Forty Seven’s 5F9 Immunotherapy on FDA Fast Track for DLBCL, Follicular Lymphoma

Forty Seven’s 5F9 Immunotherapy on FDA Fast Track for DLBCL, Follicular Lymphoma

The U.S. Food and Drug Administration has granted fast track status to Forty Seven’s lead candidate Hu5F9-G4 for the treatment of relapsed or refractory diffuse large B-cell lymphoma (DLBCL) and follicular lymphoma.

The designations are expected to facilitate the clinical development of Hu5F9-G4 (or just 5F9) and expedite the FDA’s review for the treatment of these two B-cell non-Hodgkin’s lymphoma (NHL) subtypes.

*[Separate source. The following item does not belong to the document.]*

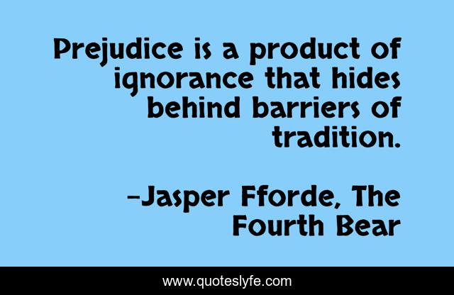 This page presents the quote "Prejudice is a product of ignorance that hides behind barriers of tradition.". Author of this quote is Jasper Fforde, The Fourth Bear. This quote is about prejudice, ignorance,.

“The FDA’s decision to grant Fast Track designations to 5F9 for the treatment of DLBCL and follicular lymphoma reflects the urgent need for safe and effective therapies for people living with these cancers, and the potential of 5F9 to help patients for whom existing options are limited,” Mark McCamish, an MD and PhD, president and CEO of Forty Seven, said in a press release.

5F9 is an antibody that targets the CD47 factor, blocking the “don’t eat me” signal used by cancer cells to avoid being ingested by macrophages — a kind of immune cell that engulfs invaders.

The investigative therapy works like checkpoint inhibitors. But instead of activating T-cells, it improves the ability of macrophages to identify cancer cells and eliminate them.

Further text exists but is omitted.